After successfully loading your machine learning model onto Graphcore's IPU, the next step is to make this model accessible through an API.

FastAPI paired with Uvicorn makes this incredibly easy. Amazingly, you can get your server up and running in a few lines of code.


from fastapi import FastAPI
from optimum.graphcore import IPUConfig, pipeline

app = FastAPI()
ipu_config = IPUConfig(ipus_per_replica=1) 
model_pipeline = pipeline('sentiment-analysis', model="distilbert-base-uncased-finetuned-sst-2-english", ipu_config=ipu_config)

@app.get("/predict")
def predict(text: str):
    return model(text)

FastAPI() initializes the FastAPI framework.
The IPU and model configuration is exactly the same as what we previously discussed.
@app.get("/predict") sets up an HTTP GET method for sentiment analysis. It uses the IPU-loaded model to perform inference on the given text.

Launch Server with Uvicorn


uvicorn main:app --host 0.0.0.0 --port 8000

This launches the FastAPI app using Uvicorn, making it accessible at http://localhost:8000/predict?text=YourTextHere.

cropped2 (1)

Stress Testing Your FastAPI Server with Locust

Now that you have a fully functional FastAPI server running a machine learning model on a Graphcore IPU, it's crucial to understand how well this server can handle multiple requests. Stress testing can provide insights into the server's performance, reliability, and capacity. One popular tool for stress testing HTTP services is Locust.

Why Locust?

Locust is an open-source load testing tool where you define user behaviour in Python code and then simulate millions of users to stress test your application. It's a flexible and powerful tool that can help you identify bottlenecks and limitations in your system.

Creating a Locustfile

Create a locustfile.py with the following Python code to define the user behaviour for the stress test:


from locust import HttpUser, task, between

class QuickstartUser(HttpUser):
    wait_time = between(1, 2)

    @task
    def predict(self):
        self.client.get("/predict?text=I love programming!")
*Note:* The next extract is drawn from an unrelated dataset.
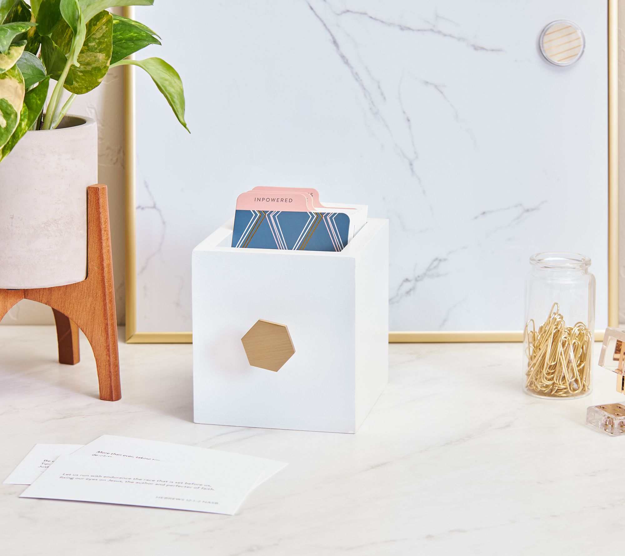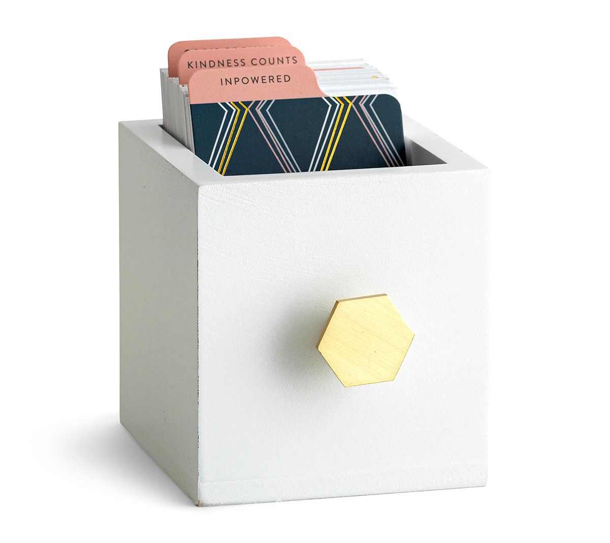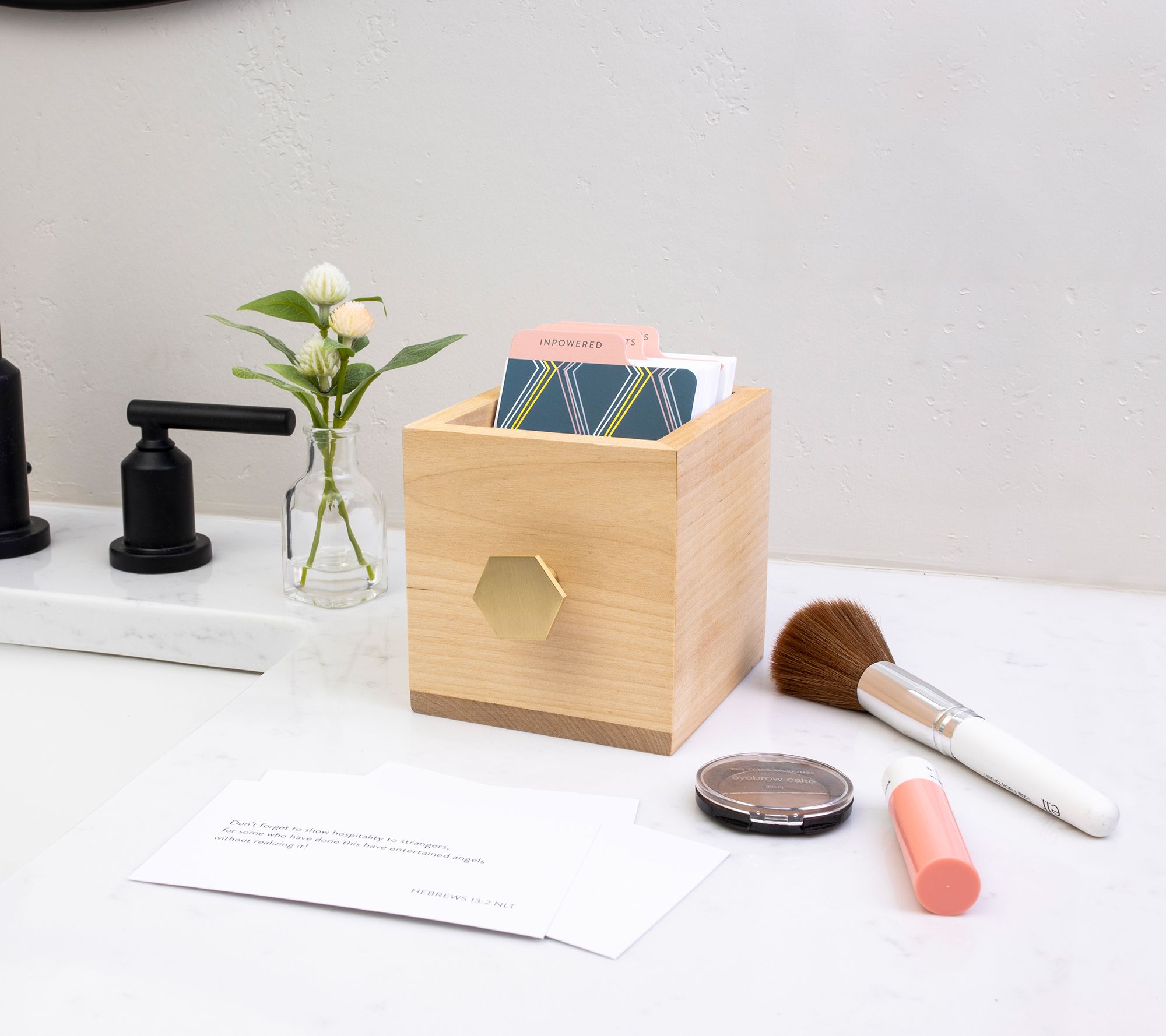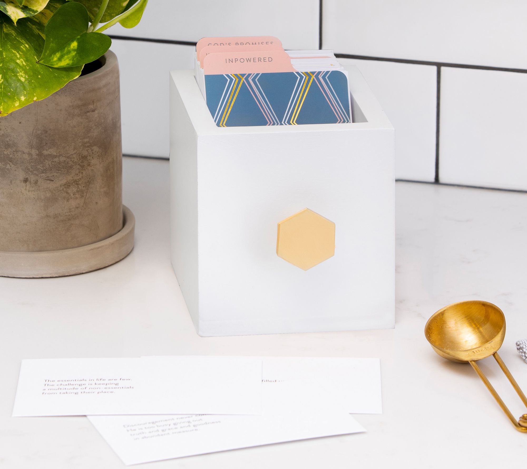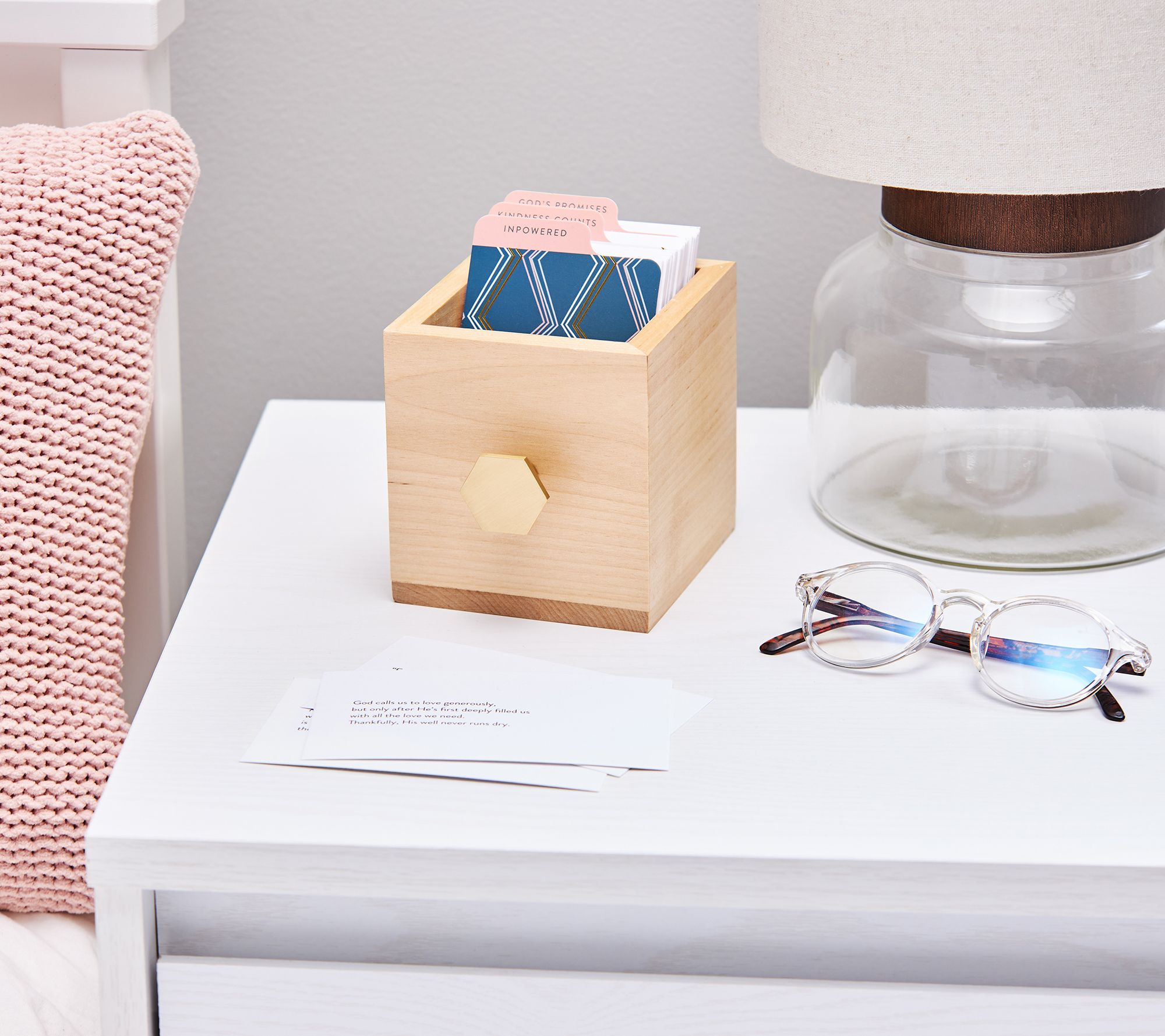 • Includes wooden box with decorative metal handle; 90 cards with encouraging themes that includes promises, empowerment, and kindness; and dividing tabs

Here, @task decorates the method that will simulate the API call. We specify that the simulated users will wait between 1 to 2 seconds (wait_time = between(1, 2)) between tasks.

Analyzing the Results

Once the test is running, Locust will provide real-time statistics on your server's performance, including requests per second, average response time, and more. This data will be invaluable in understanding how well your FastAPI server performs when hosting a model on a Graphcore IPU.

Single IPU Performance

In the initial test with a single IPU, the server handles an impressive 500 requests per second when tested with 200 concurrent users and a response time of 20ms on average.

Locust 1 (1)

image-20230922-163635 (1)

Scaling with Multiple IPUs

Graphcore's technology is designed for scalability. By employing the -workers option in Uvicorn, we can effortlessly scale our application to utilize multiple IPUs. For instance, with 16 IPUs (-workers 16), the performance scales almost linearly.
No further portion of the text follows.